• What the exercise asks
While leaving the pictures out, set down only the lines from the one with "Vegan Bias Cut" through the end of the records, exactly as they stand.

• Materials provided
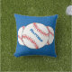 Ce coussin extérieur présente des balles de baseball rouges et blanches avec du texte bleu pour un thème patriotique. Personnalisez facilement le texte pour un fan de sport spécial ou supprimez entièrement. L'arrière - plan bleu peut être customisé à la couleur de votre choix.
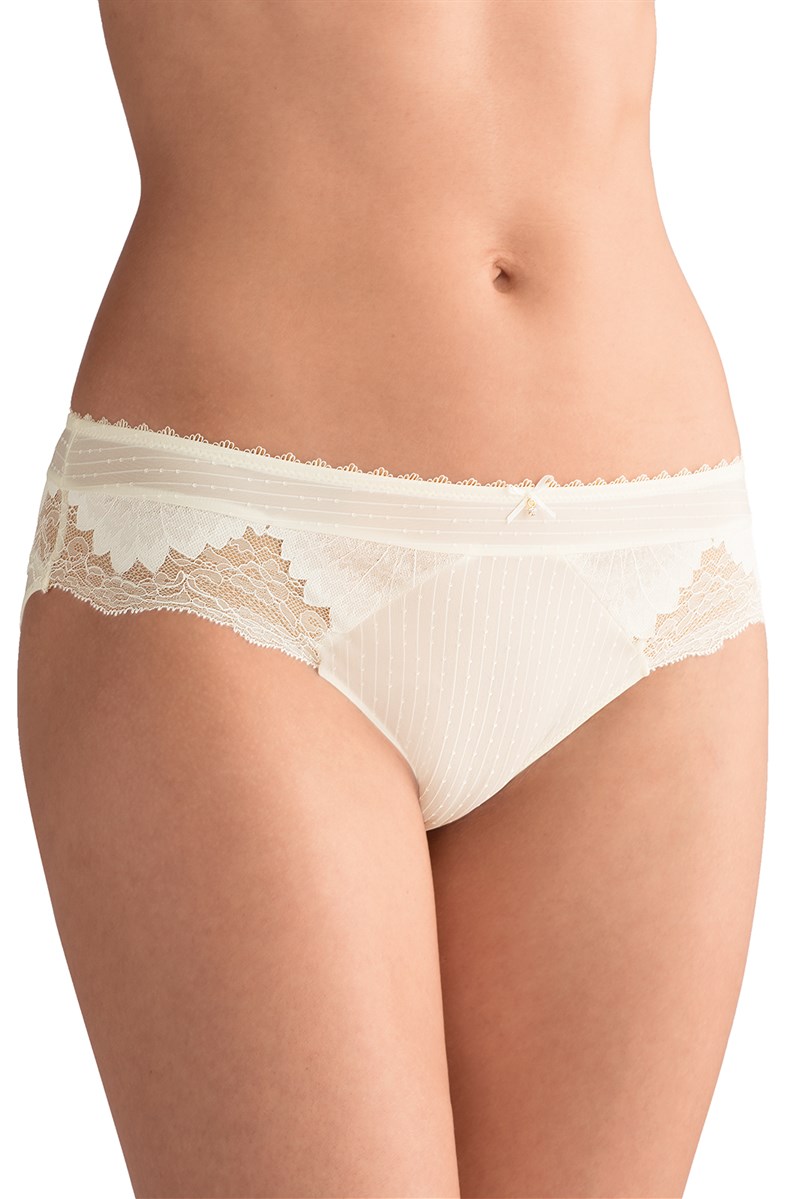 - Aurelie brief in off-white, with rich lace inserts at front and back to mirror the Aurelie bras
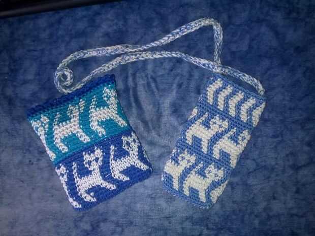 Se trata de dos bolsas de kitty realizadas en crochet de tapiz. Consulte mi Instructable para aprender a crochet de la tapicería.
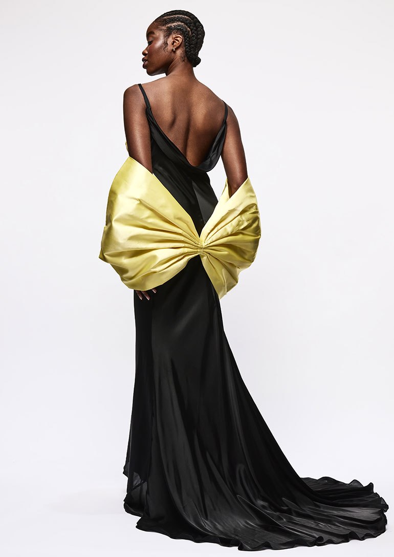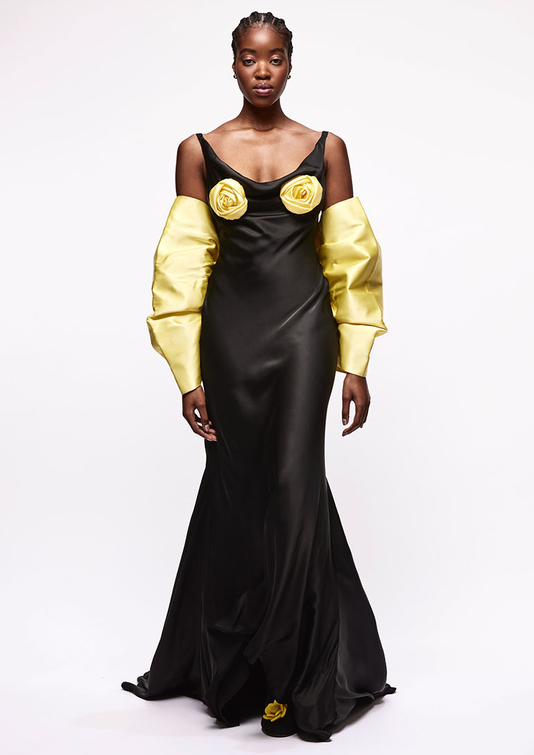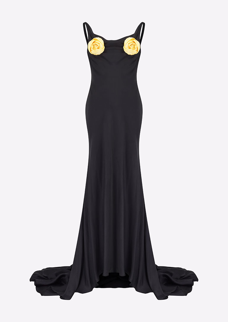 Vegan Bias Cut Gown in Black with Yellow Rosette
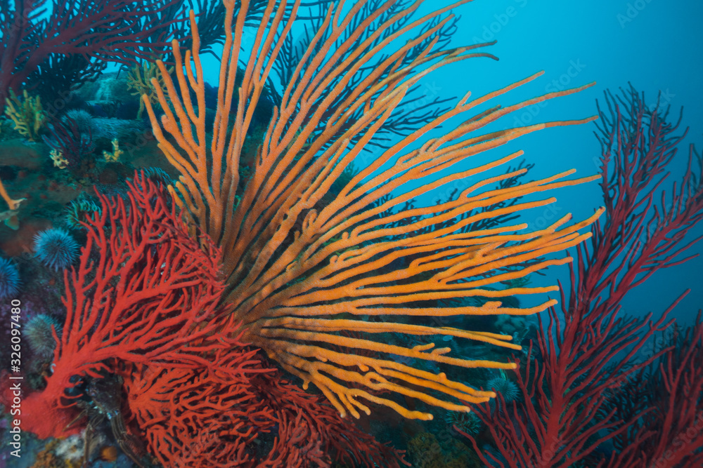 Large orange Flagellar sea fan or Whip fan (Eunicella albicans) surrounded by various other species.
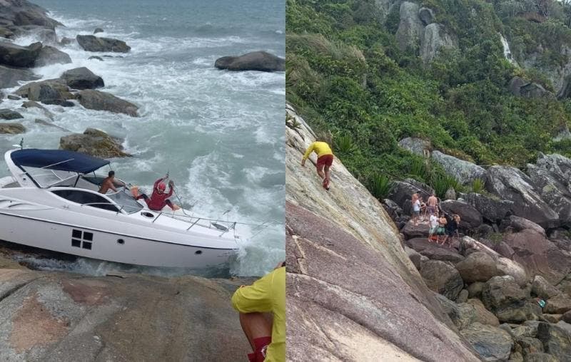 O local onde barco estava não era de fácil acesso. Imagens mostram os bombeiros percorrendo uma trilha até chegar às pedras. Depois do resgate, dois guarda-vidas nadaram até a lancha e removeram a embarcação. Um jetski foi usado para tirar a lancha do local.

• Output
 Vegan Bias Cut Gown in Black with Yellow Rosette
 Large orange Flagellar sea fan or Whip fan (Eunicella albicans) surrounded by various other species.
 O local onde barco estava não era de fácil acesso. Imagens mostram os bombeiros percorrendo uma trilha até chegar às pedras. Depois do resgate, dois guarda-vidas nadaram até a lancha e removeram a embarcação. Um jetski foi usado para tirar a lancha do local.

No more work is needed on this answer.